The script `wget_cmems.py` will take care of this for us. Let's pause here and get it started.

# A better way: Pangeo Forge

`pangeo-forge-recipes` provides logic for transforming all of these source files into a single consolidated zarr store.

## What's a `recipe`?
A `recipe` is a Python file which can "see" all of the source files, and also knows how to logically arrange them into a cohesive dataset.

In [None]:
from cmems_recipe import recipe

summarize_inputs(recipe)

These are the same files as we've begun downloading, with the addition of "alignment keys" (printed above in green) which allow `pangeo-forge-recipes` to **assemble** them into a cloud-optimized zarr store.

## Initialize Dataset

> In order to build a zarr store from source files, the recipe must be executed.

I've already completed this build, so from this point forward, getting up and running with the data is nearly **instantaneous**.

There are a few options for loading the dataset from the zarr store, but using an `intake` catalog is one of the easiest.

In [None]:
from intake import open_catalog
cat = open_catalog("catalog.yaml")

for source in ["full_altimetry", "anomalies_only"]:
    ds = cat[source].to_dask()
    bold, reset = '\033[1m', '\033[0m'
    print(f"{bold}'{source}' is {round(ds.nbytes/1e9, 2)} GBs {reset}and contains {ds.data_vars} \n")

In [None]:
ds

## Visually Examine Some of the Data

Let's do a sanity check that the data looks reasonable. Here we use the [hvplot](https://hvplot.holoviz.org/index.html) interactive plotting library.

In [None]:
ds.sla.hvplot.image('longitude', 'latitude',
                    rasterize=True, dynamic=True, width=800, height=450,
                    widget_type='scrubber', widget_location='bottom', cmap='RdBu_r')
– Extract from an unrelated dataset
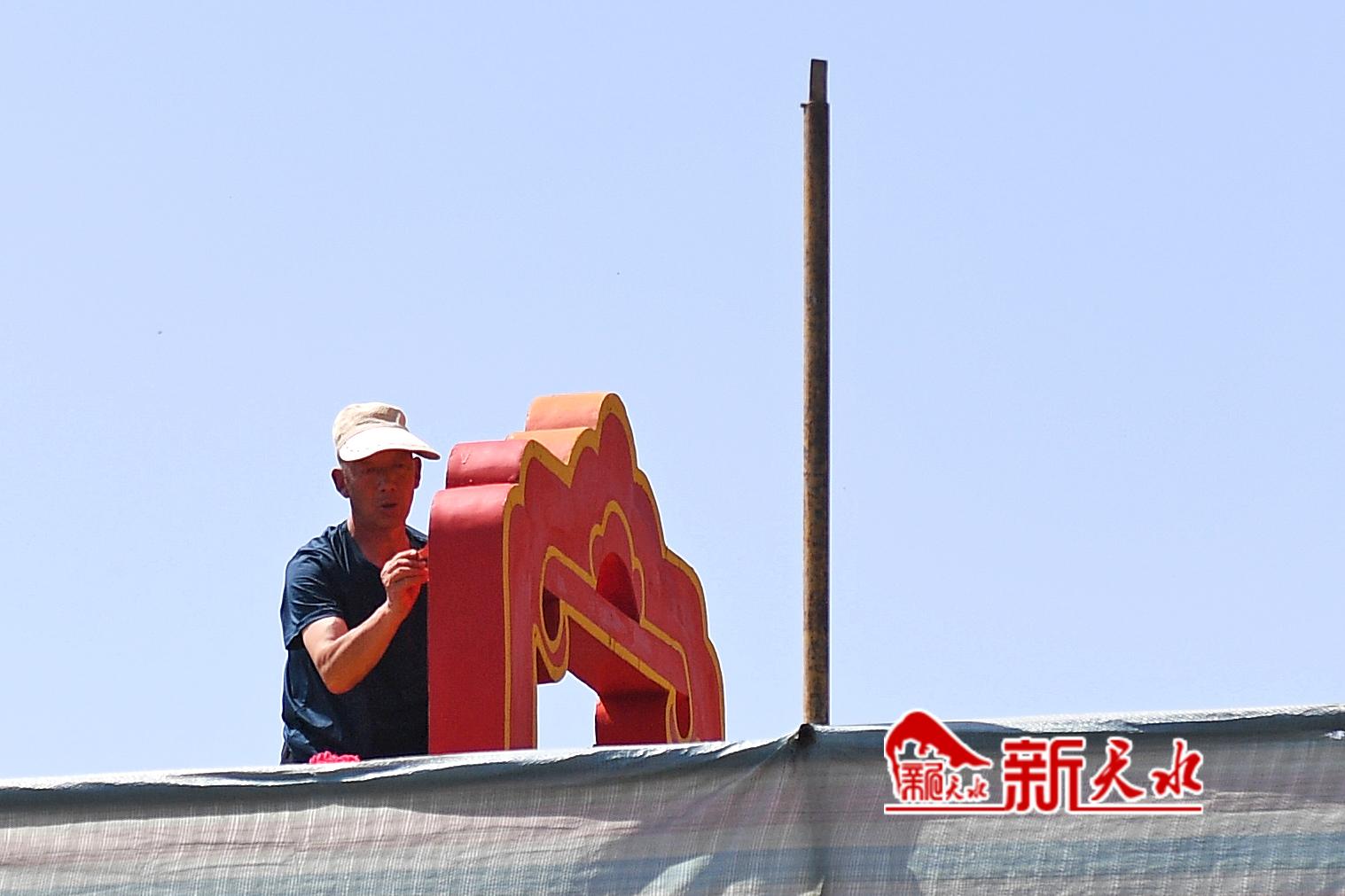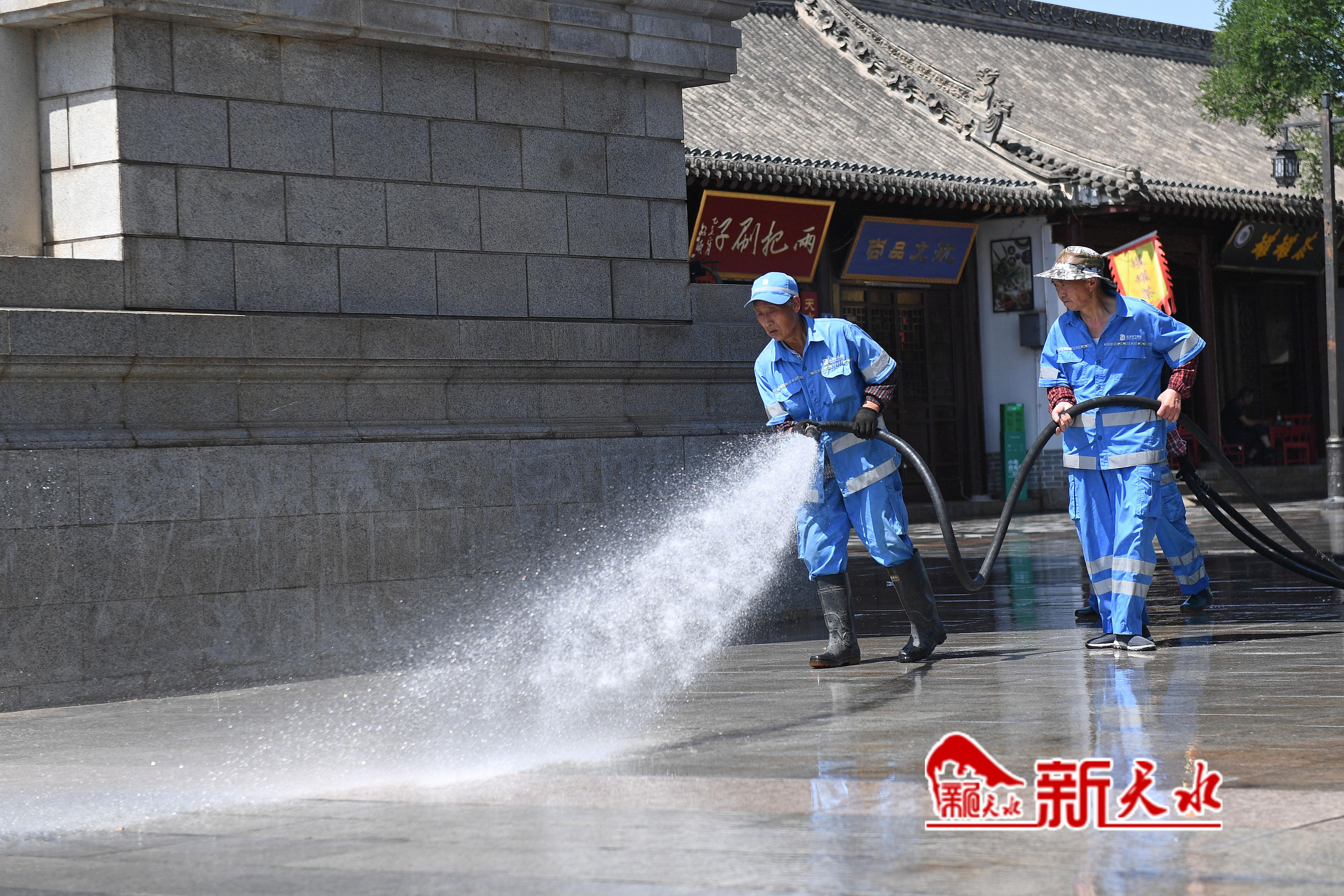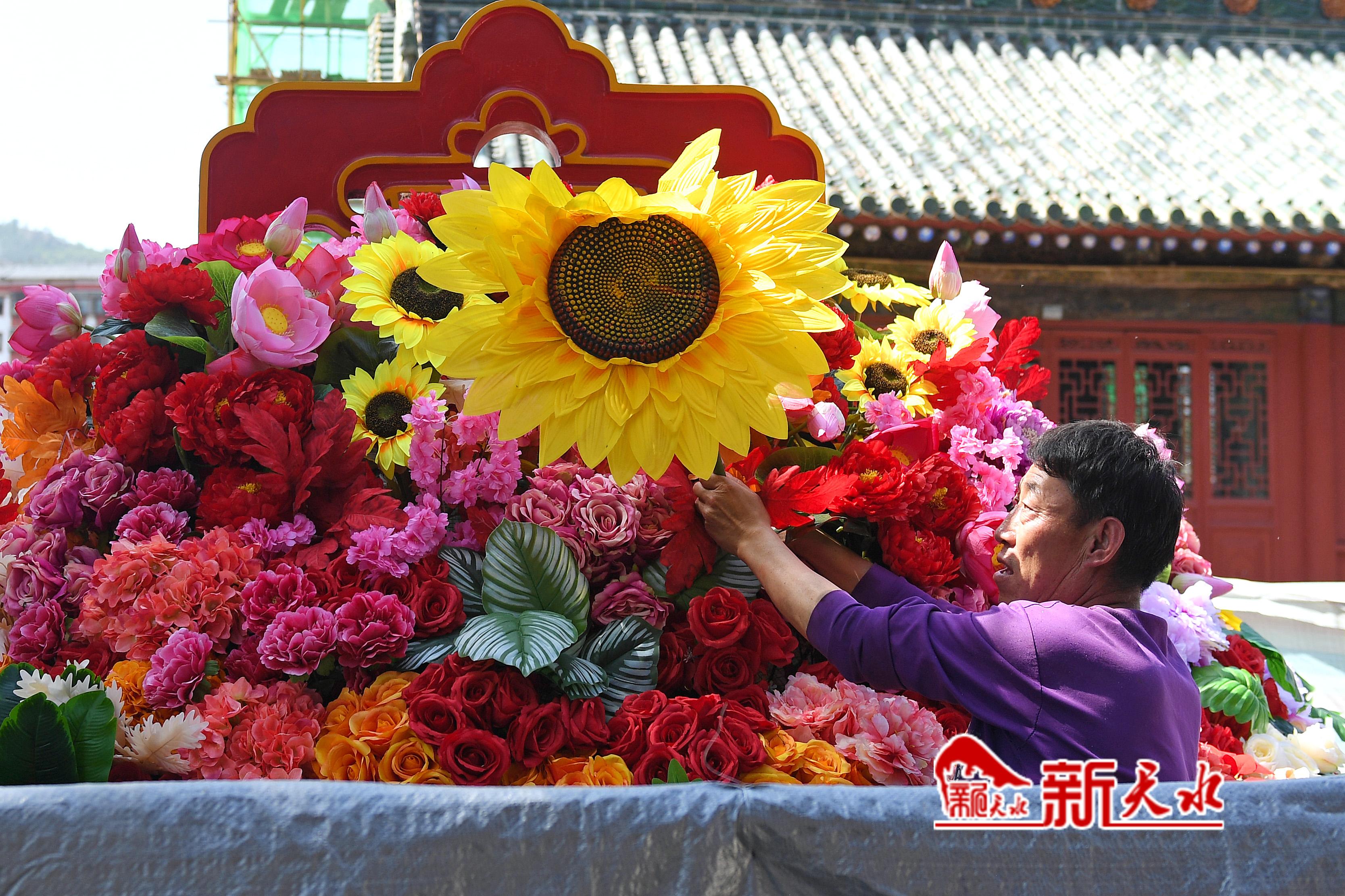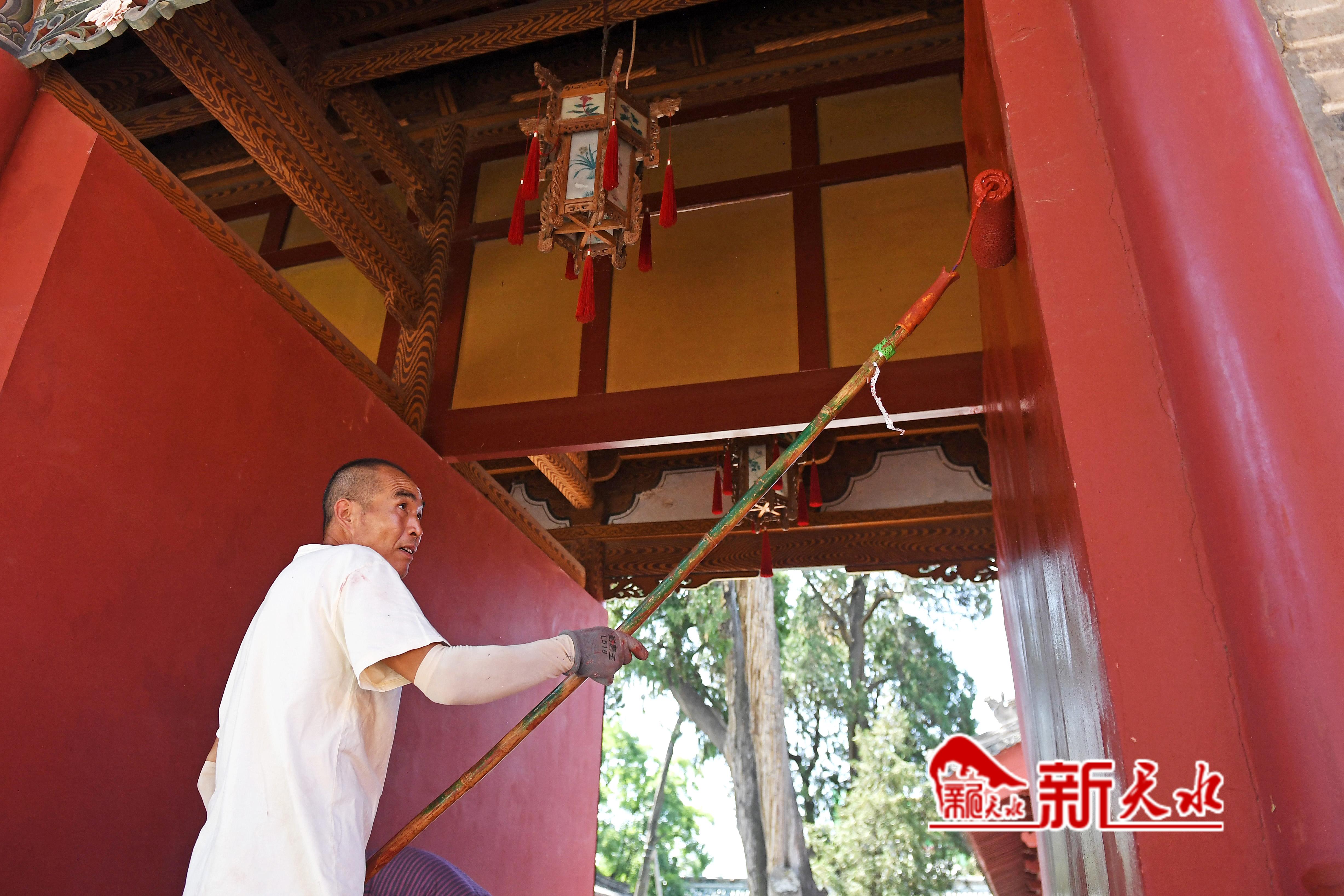 天水伏羲城、伏羲庙内一派繁忙景象:环卫工清洗地面,油漆工粉刷墙面和大型花篮,安装工人设置景区指示牌、布置花篮。

## Example calculation: timeseries of Global Mean Sea Level

Here we make a simple yet fundamental calculation: the rate of increase of global mean sea level over the observational period.

In [None]:
# the number of GB involved in the reduction
ds.sla.nbytes/1e9

In [None]:
IFrame(client.dashboard_link, width=900, height=550)

In [None]:
# the computationally intensive step
sla_timeseries = ds.sla.mean(dim=('latitude', 'longitude')).load()

In [None]:
sla_timeseries.plot(label='full data')
sla_timeseries.rolling(time=365, center=True).mean().plot(label='rolling annual mean')
plt.ylabel('Sea Level Anomaly [m]')
plt.title('Global Mean Sea Level')
plt.legend()
plt.grid()

### Remember the download we started with `wget_cmems.py`?
   - We just did a lot of work analyzing a 73 GB subset of a 500+ GB dataset.
   - How much of that same dataset has been downloaded over these last few minutes?
   - Let's see ...

1. How do I make my own recipe?
   - Check out the docs: https://pangeo-forge.readthedocs.io/en/latest/
   - Reach out by opening an Issue here: https://github.com/pangeo-forge/staged-recipes/issues.
   - One prerequisite is that your dataset is in a format that can be opened with `xarray` (netCDF, etc.).
2. What's next for `pangeo-forge-recipes`?
   - Automated recipe execution in "Bakeries"
   - Cataloging with STAC
3. Your questions!
   - Reach out on GitHub if you think of them later :-)

Feel free to complete the additional computations and plots below on your own time. They're pretty interesting!

## Additional computations: Hovöller diagram & standard deviation

Here are some additional computations to run on the Dask cluster.

In order to understand how the sea level rise is distributed in latitude, we can make a sort of [Hovmöller diagram](https://en.wikipedia.org/wiki/Hovm%C3%B6ller_diagram).

In [None]:
# another distributed computation
sla_hov = ds.sla.mean(dim='longitude').load()

In [None]:
fig, ax = plt.subplots(figsize=(12, 4))
sla_hov.name = 'Sea Level Anomaly [m]'
sla_hov.transpose().plot(vmax=0.2, ax=ax)

We can see that most sea level rise is actually in the Southern Hemisphere.

## Sea Level Variability

We can examine the natural variability in sea level by looking at its standard deviation in time.

In [None]:
# one last computation
sla_std = ds.sla.std(dim='time').load()
sla_std.name = 'Sea Level Variability [m]'

In [None]:
ax = sla_std.plot()
_ = plt.title('Sea Level Variability')